De alguna manera, la violencia en México responde a condiciones sociales propicias para el desarrollo de conflictos internos, generados en el marco del combate al crimen organizado; dicho de otro modo, la violencia atribuible a la lucha contra el narcotráfico es el resultado de “las falencias de un Estado que ha dejado de cumplir con su función básica que es la de procurar seguridad” (Illades y Santiago, 2014, p. 359). Que se nombre “guerra” a la “persecución” de los grupos criminales representa no sólo la figuración de un enemigo interno al que hay que combatir, sino también la instauración de “un régimen de excepción de facto, y por tanto extralegal (un estado de guerra)” (Illades y Santiago, 2014, p. 330); éste no se reduce al enfrentamiento Estado-crimen organizado, sino que incluye el quebranto de los derechos y libertades.
Como Rossana Reguillo (2008) lo ha señalado desde hace ya muchos años, la precariedad socioeconómica, la baja esperanza de vida y las diferencias sociales son parte del “mapa estructural” en el que se despliegan las violencias asociadas a la juventud. Además, a la fórmula pobreza-expulsión se agregan las erráticas decisiones sobre seguridad que los últimos tres gobiernos nacionales —correspondientes a los sexenios de Felipe Calderón, Enrique Peña Nieto y Andrés Manuel López Obrador— han tomado con el fin, según dicen, de garantizar la vida y tranquilidad de las personas, y que han devenido en la expansión y exacerbación de la violencia. Ésta ilustra el nuevo escenario; a decir de Reguillo (2008), la paralegalidad: “un orden paralelo que construye sus propios códigos, normas y rituales” (p. 221). En el contexto mexicano, advierte la autora, lo grave es que el Estado parece adoptar los mismos métodos de su “adversario”, en lugar de atender las problemáticas sociales de manera estructural.
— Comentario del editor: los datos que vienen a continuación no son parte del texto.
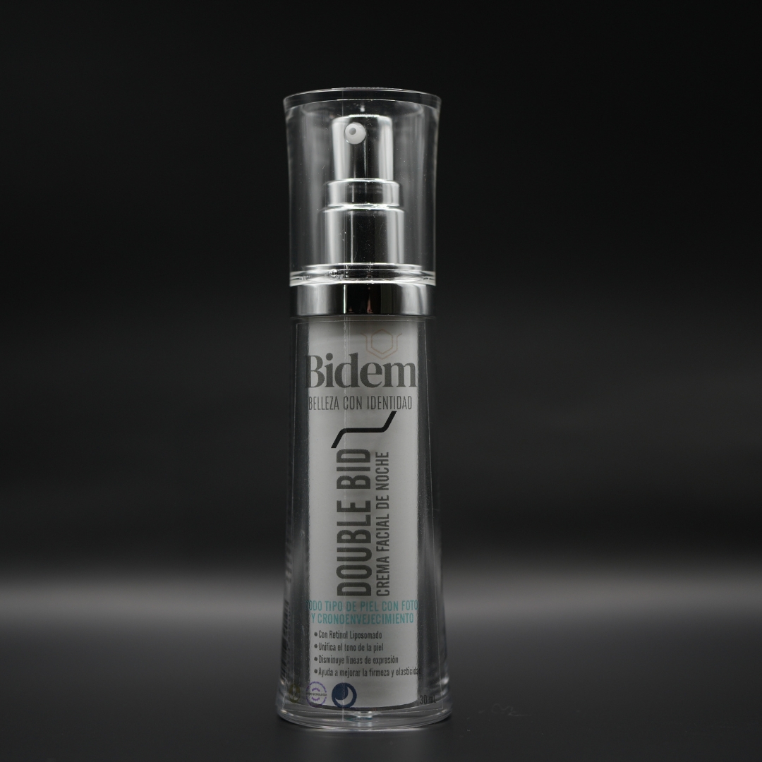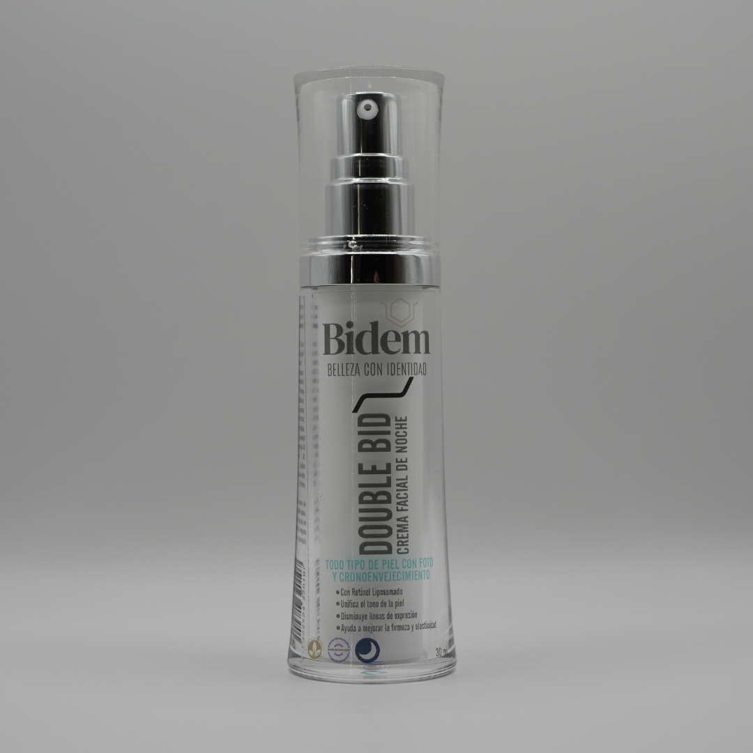 DOUBLE BID es una crema facial de noche formulada para todo tipo de pieles que combaten los signos del foto y cronoenvejecimiento. Su fórmula avanzada integra ingredientes activos que favorecen la regeneración, firmeza y nutrición celular durante el descanso nocturno.

Nuevamente, evocamos a Illades y a Santiago (2014) para decir que, en efecto, “la espiral de la violencia inicia con demandas básicas […] insatisfechas por el Estado” (p. 462). En otras palabras, la violencia como respuesta a esa falta de atención no es algo excepcional, pero sí las formas que ha adquirido su reproducción: el ascenso inusitado de los asesinatos, los secuestros, los robos, la explotación y comercio de los cuerpos —todo esto con una carga excesiva de espectacularización— y el paso inusitado a las desapariciones. Lo anterior nos obliga a volver a mirar una década atrás y descubrir, en el discurso sobre el enemigo interno, una deriva sumamente peligrosa que hizo evidente la vulneración de las vidas que siempre se han mantenido en la franja de la marginación y la injusticia social.
La desaparición contemporánea de personas nos ha obligado a extender el concepto propio de desaparición, pues ésta se ha diversificado a través de la historia y ha afectado y transformado, de un modo u otro, nuestros tejidos sociales.
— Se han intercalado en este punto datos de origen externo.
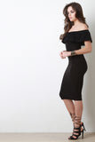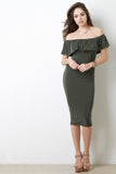 Off-The-Shoulder Ruffle Bodycon Midi Dress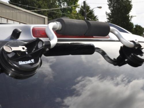 SHERPAK BOAT ROLLERは吸盤でローラーを車に取り付けることができるようになっていて、シーカヤックをローラーに載せて押すとキャリアに積みやすいというものです。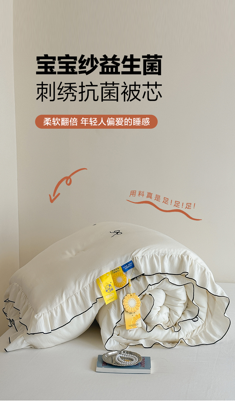• 91家纺网 家纺一手货源 找家纺 一加一 2025新款宝宝纱益生菌刺绣抗菌被子被芯 甜心蝶语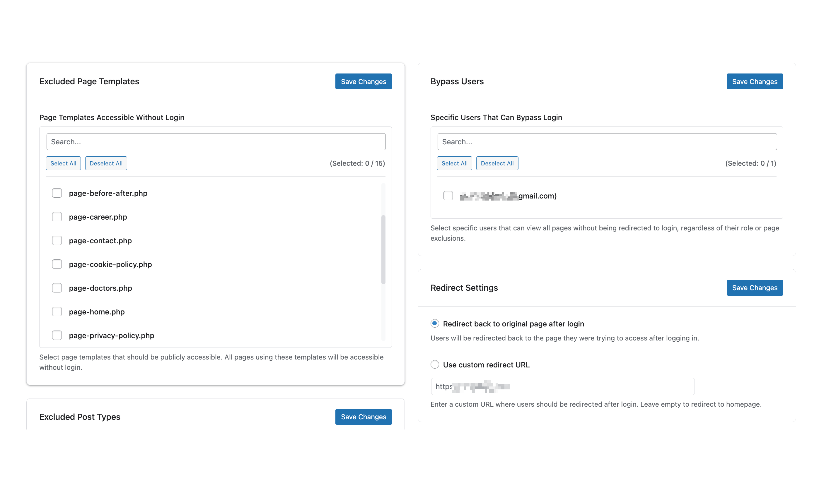 Select specific users that can bypass the login requirement. These users can view all pages without being redirected to login.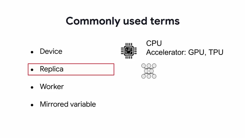 Training 동안 모델 variable의 복사본이 여러 device에 배치됩니다. 이 복사본을 종종 Replica(복제본)라고 합니다.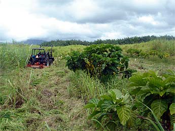 We are learning a lot about what it is like for farmers who want to work with nature but must also deal with the challenges of nature. One major challenge here in Hawaii, is Guinea Grass, a tall, aggressive, very tough grass that takes over large areas and has stems as thick as your fingers and hard as bamboo. Since we are "going organic" on this section of the land, we do not use any herbicides... The grass must be managed by mowing, weed-wackers and hand weeding.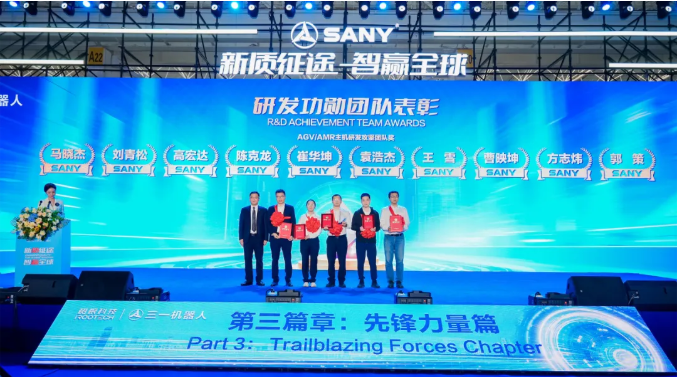 VCU2.0研发团队(成员汪剑奇、孙永前);汽车级高压锂电电池团队(成员杨振忠、吴平、贾志强)获“部件研发攻坚团队奖”;SCP30C6主机研发攻坚奖(成员:刘勇、陈余、汪剑奇、曹保卫、武阳阳、李凡亭、乔任泽)、AGV/AMR无人产品研发攻坚团队(成员:陈克龙、王雪、曹映坤、方志炜、郭策)获“主机研发攻坚团队奖”,三一机器人公司常务副总经理,叉车项目总经理冯振礼为获奖团队颁奖。

A partir de 2006, la violencia se recrudeció en México; desde entonces, la migración irregular de personas mexicanas y de Centroamérica se ha dado en un contexto en el que las violaciones a los derechos humanos se exacerbaron. Como ya se ha dicho, las políticas securitarias migratorias han complejizado los procesos migratorios y han hecho todavía más evidentes los niveles de vulnerabilidad y desprotección que enfrentan las personas que buscan mejorar sus condiciones de vida o escapar de los ciclos de violencia de sus propios lugares de origen. También se ha mostrado por qué las llamadas violencias estructurales reflejan las condiciones de posibilidad de aquellos episodios extremadamente violentos que revelan todos los peligros a los que están expuestas las personas en tránsito por nuestro país.
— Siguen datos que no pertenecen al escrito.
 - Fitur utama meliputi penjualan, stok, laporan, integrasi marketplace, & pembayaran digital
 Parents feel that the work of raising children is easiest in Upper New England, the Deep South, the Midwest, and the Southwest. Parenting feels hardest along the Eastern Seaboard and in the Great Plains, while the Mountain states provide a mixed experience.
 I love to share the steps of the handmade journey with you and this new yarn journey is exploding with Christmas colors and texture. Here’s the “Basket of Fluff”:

Como se muestra en un informe reciente de la Comisión Nacional de los Derechos Humanos (2018),
el 94.4 % de las personas migrantes proviene del Triángulo Norte de Centroamérica (Honduras, El Salvador y Guatemala), quienes tuvieron que dejar su país de origen por causas de pobreza y violencia en sus comunidades, los desafíos que implica migrar para tener nueva expectativa de vida para ellos y sus familias […] las principales razones por las cuales migran las personas del Triángulo Norte de Centroamérica son primero, razones económicas; segundo, la inseguridad, y tercero, la violencia. (p. 162)
Aunado a esto, las personas migrantes no sólo se ven obligadas, por una razón u otra, a abandonar su lugar de origen; además, permanecen en riesgo constante mientras se internan en nuestro país. Los principales problemas que enfrentan tienen que ver con la discriminación, el racismo, las condiciones cotidianas de inseguridad y el asedio del crimen organizado (Comisión Nacional de los Derechos Humanos, 2018, p. 114).
El 24 de agosto de 2010, fuimos testigos de uno de los episodios más crudos en la historia contemporánea de la desaparición de personas en México: en San Fernando, Tamaulipas, fueron encontrados los cuerpos de setenta y dos migrantes; según la versión oficial que se difundió, fueron asesinados por el grupo criminal Los Zetas, el cual los secuestró para obligarlos a trabajar; resistirse pudo ser la causa de la masacre. En la masacre de migrantes, la desaparición es un momento relevante: el secuestro, el ocultamiento forzado de las personas migrantes por parte del crimen organizado y los problemas que subyacen a la identificación y traslado de los cuerpos de las víctimas a sus lugares de origen representan la relación masacre-desaparición.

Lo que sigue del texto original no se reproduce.